Scariest Environments: The Wrong and The Abandoned

One of the best (and worst) aspects of horror is that pretty much nowhere is safe. Given the right circumstances, just about any space can be transformed from warm and comfortable to absolutely terrifying. Some places are just inherently scary though, and for me almost nothing tops abandoned places. There’s just something so wrong about them you know? Buildings, houses, factories and what have you just sitting there empty instead of being filled with people and all the normal (and comforting) hustle ‘n bustle that comes with them. Take away the people, and just about anything can move in and just about anything could happen too.

Video from YouTube channel: GameSpot

The first place that comes to mind as immediate “nope!” territory is Mount Massive Asylum from Outlast. Now it’s not completely abandoned, but it’s definitely been in a state of decay for some time before Miles Upshur arrives to document it all with his camera. Sure, the offices on the upper floors look okay, but just about every other portion of the place looks like its ready to collapse in on itself at any second. That’s not even mention all the partially flooded rooms and the rats running around.

Of course, Mount Massive Asylum is only as bad as it is because it actually has what you’d fear most should you ever find yourself in an abandoned building in the dark: something stalking you.
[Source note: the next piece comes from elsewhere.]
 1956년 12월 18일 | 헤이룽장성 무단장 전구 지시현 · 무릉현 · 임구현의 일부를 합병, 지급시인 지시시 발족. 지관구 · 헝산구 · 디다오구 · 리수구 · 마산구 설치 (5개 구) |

Yup, the inmates are still in the asylum, they’re all absolutely crazed, and more than one of them wants to take you apart in some way.
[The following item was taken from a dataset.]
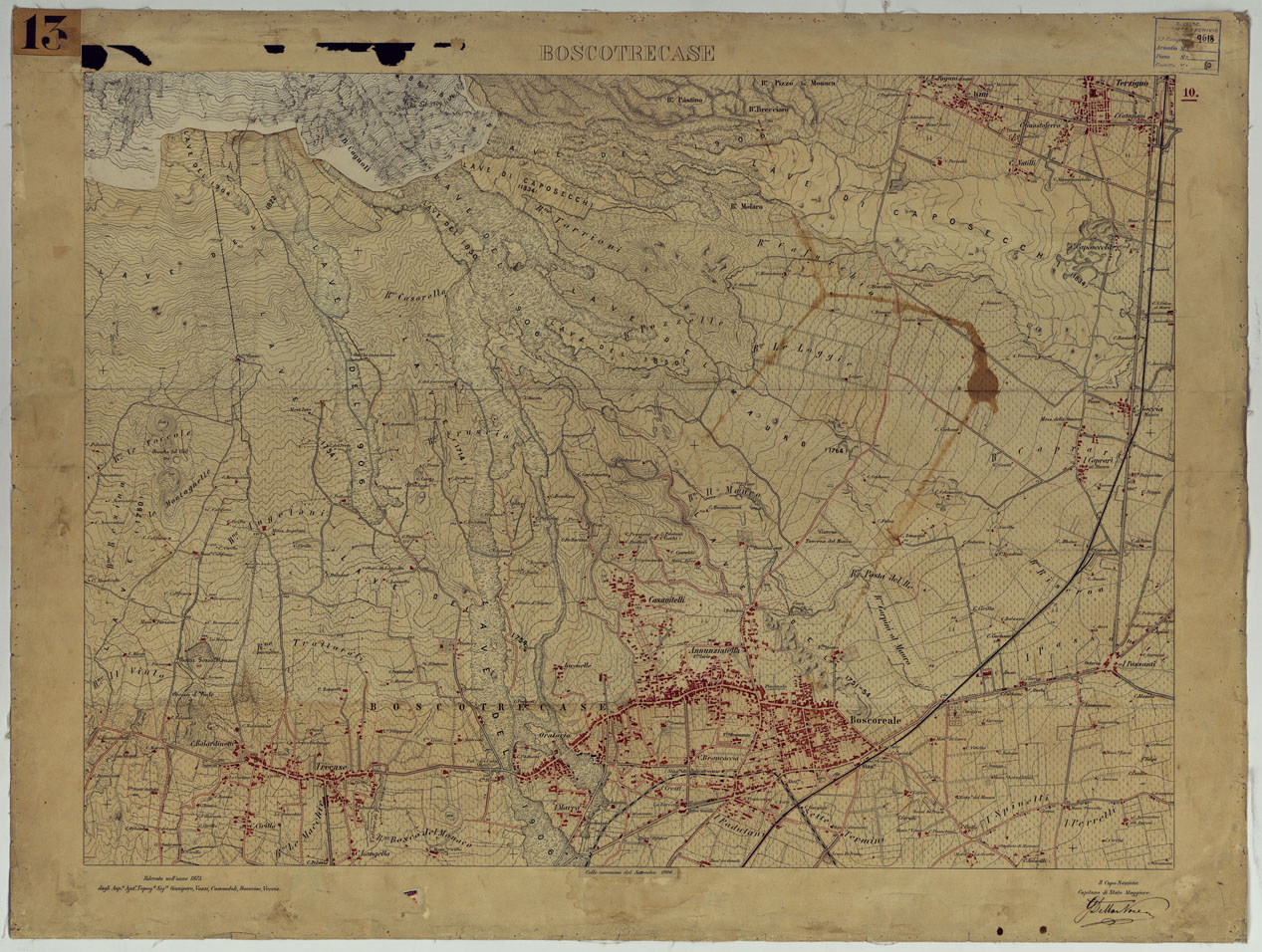 CARTA TOPOGRAFICA DEL MONTE VESUVIO RILEVATA E DISEGNATA DAGLI ALLIEVI DELL'ISTITUTO TOPOGRAFICO MIITARE NEGLI ANNI 1876-76 ALLA SCALA DI 1:10000 - FOGLIO 10 BOSCOTRECASE.

They’re oddly acclimated to the dark too, so you either gotta stumble around in the dark or burn precious battery power your camera’s night vision. Any light at all is a dead giveaway! So not only are you stuck in a nearly-abandoned asylum, but you also gotta try and sneak out of it in the dark lest you attract the attention of one of its resident crazies. Yeah…no thanks.
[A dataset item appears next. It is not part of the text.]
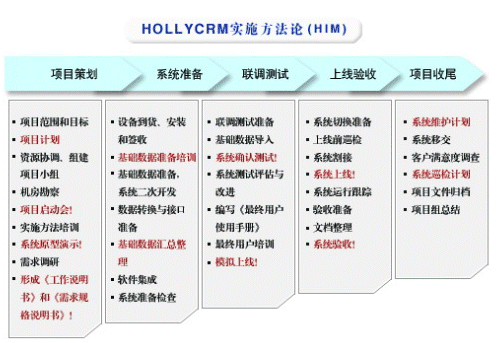 HOLLYCRM(合力金橋軟件)公司是國內(nèi)最早從事呼叫中心應(yīng)用軟件開發(fā)與服務(wù)公司,在多年的實踐經(jīng)驗基礎(chǔ)上形成了完整的“456”呼叫中心“項目實施方法論”(HIM:HOLLYCRM Implementary Methodology),即“四大實施策略、五個項目階段、六大管理專題”。該體系的有效運(yùn)行對公司項目的成功上線和推進(jìn)軟件產(chǎn)品的成熟將起到至關(guān)重要的作用。

Video from YouTube channel: GameSpot

So here’s the thing, I’ve never actually finished any of the Metro games. I’ll get it into my head that I want to play one evvery so often, but I only ever make it so far before just kinda letting the effort peter out. Looking back on these attempts though, I can’t really point out anything that made me stop playing. They aren’t particularly difficult and they’re not terribly scary; finishing one shouldn’t be some big chore. But then I go back and try to skulk around in the underground metro again and it all comes back. I really can’t stand the place!

The populated stations are bad enough what with everyone living crammed into these spaces meant for so many fewer people at a time, but the tunnels? The abandoned stations, and the surface? It’s all just so wrong! All these decayed spaces potentially crawling with radiation-warped monstrosities is just so off-putting. Sure, the tunnels are one things as those are dangerous in the modern age for any number of reasons, but the stations and the surface? Those are so wrong in the Metro games! A subway station shouldn’t be deathly quiet and empty, and the surface streets surrounding a station entrance shouldn’t be a hostile, bombed-out ghost town. And yet, that’s exactly what they are in the first couple of games.

The really scary thing though is that you don’t have to have a devastating war in order to see once thriving locations turn ghostly empty and still. Catching the last train here in Japan will see you plodding through an almost completely abandoned station whenever you do it and man that’s an experience. Everything is shuttered, and the only sounds to be heard sometimes are your own steps and some automated machinery. There are also more than a few shopping centers that are not nearly as lively as they obviously once were, not mention all the houses and buildings that I’ve never once seen anyone come or go from.

I suppose this is all to say that exploring these sorts of places in games can be just a bit too real sometimes. Not that I’ve ever wandered around a dilapidated asylum or anything, but more like these sorts of places feel like they could really exist in the world, and games like Outlast and Metro not only give us a chance to satisfy that morbid curiosity, but also the…”opportunity” to run into some of our worst nightmares while doing so.


What sorts of environments give you the creeps in gaming? What is it about them that skeeves you out the most?